Welcome


This blog is dedicated to the topics of Course materials, Innovation, and Technology in Education. it is intended as an information source for the college store industry, or anyone interested in how course materials are changing. Suggestions for discussion topics or news stories are welcome.

The site uses Google's cookies to provide services and analyze traffic. Your IP address and user agent are shared with Google, along with performance and security statistics to ensure service quality, generate usage statistics, detect abuse and take action.

Wednesday, September 4, 2013

Ashland U. Cuts Tuition Costs by $10K

While others talk about the affordability of a college education, Ashland University, Ashland, OH, is doing something about it.

Annual full-time tuition at the school, which has an enrollment of 2,200 students, will drop $10,000 to $18,908. Grant and scholarship aid will also be reduced, but the new lower tuition will still be around $6,000 less than a student at The Ohio State University will pay.

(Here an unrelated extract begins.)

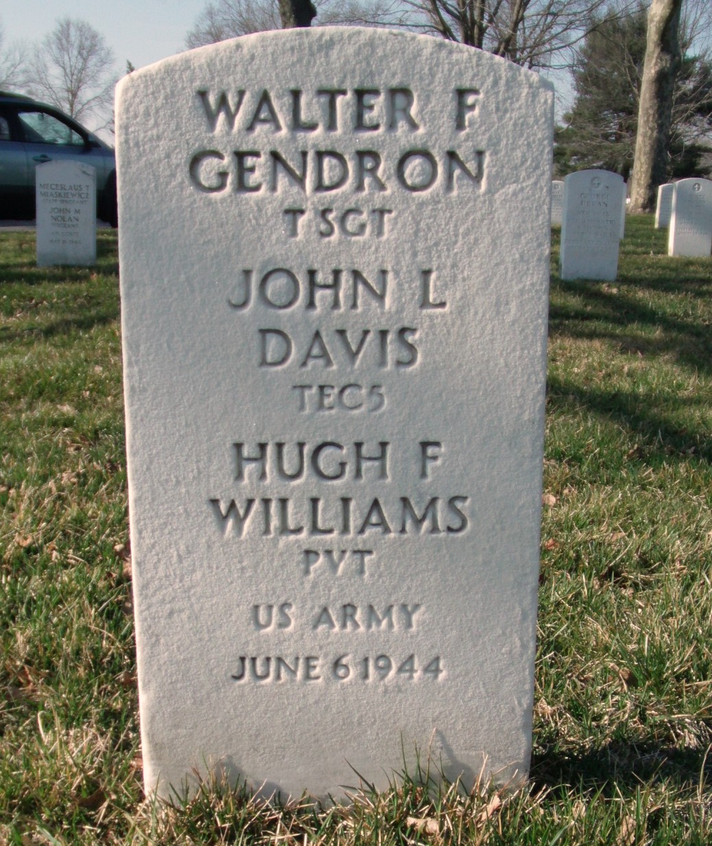 TSgt Walter F. Gendron, crew chief of the C-47 42-100819, took off from Upottery, East Devon, UK to drop 16 paratroopers over DZ-C as part of Operation Albany during the Normandy invasion. Their target time was 0114. To complicate matters, there were heavy clouds at 1500 feet, gone unreported due to the strict radio silence. Some pilots decided to pull up and find their DZs with the Eureka-Rebecca system, others went low to obtain a visual of their DZs, and a rare few stayed the course through the cloud bank. While approaching DZ-C, flak hit the plane, sending it crashing in flames before any of the paras had a chance to jump. His remains were never identified, and he is buried with Pvt Williams and T/5 Davis.

“Over the past decade, everyone in higher education has danced around the subject of the rising cost of college,” said AU President Fred Finks in a press release. “Yet few have been willing to tackle the issue and the complications involved.”

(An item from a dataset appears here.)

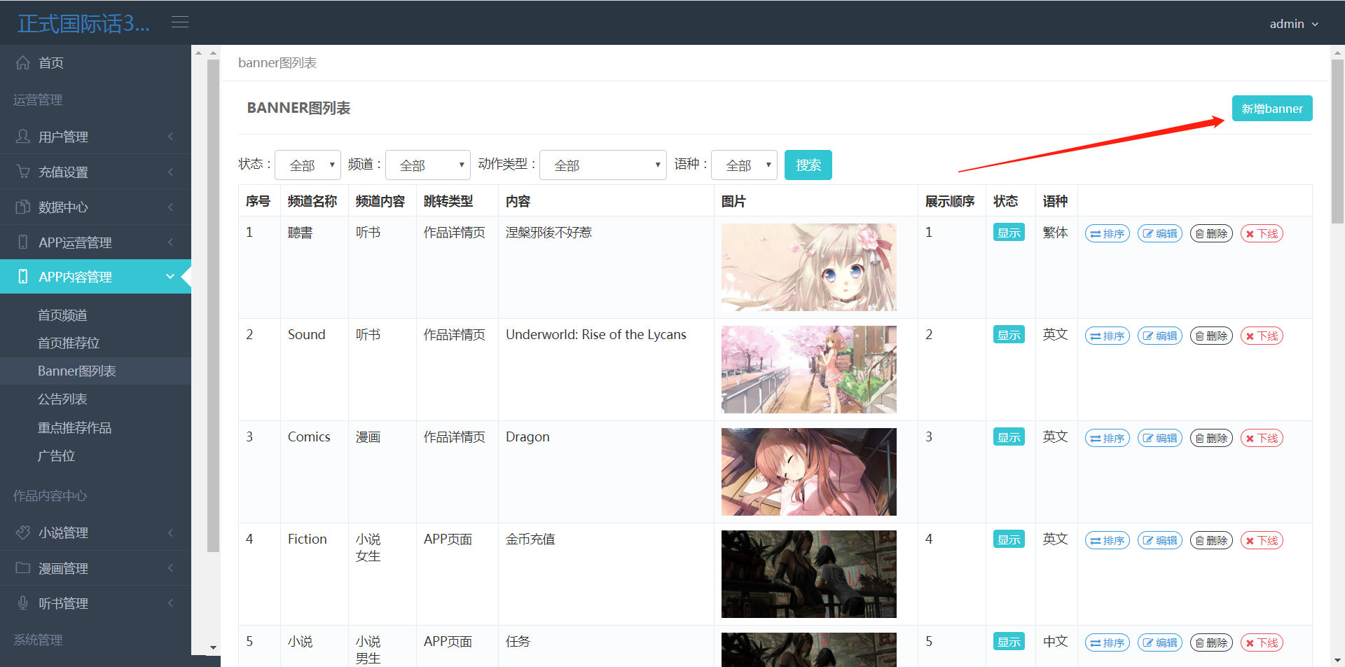 >[info]在前端首页上方展示。Banner是基于频道下的,在设置Banner之前请确认好频道,Banner图可以跳转书籍详情,app页面app内部页面和外部链接。

When Concordia University, St. Paul, MN, reduced its undergraduate tuition by $10,000 it saw a 30% increase in applications, while its enrollment went from 183 freshmen and 91 transfer students in the fall of 2012 to 257 freshmen and 167 transfers this fall.

“Really what is going on here is we are cutting back on the discount rate and creating a transparency in our pricing,” said Concordia spokesman Jason DeBoer-Moran.

At the same time Ashland is making news for cutting fees, the Star-Ledger reports that New Jersey students should brace for a $200,000 bachelor’s degree as the undergraduate fees at some state colleges will top $40,000 this year.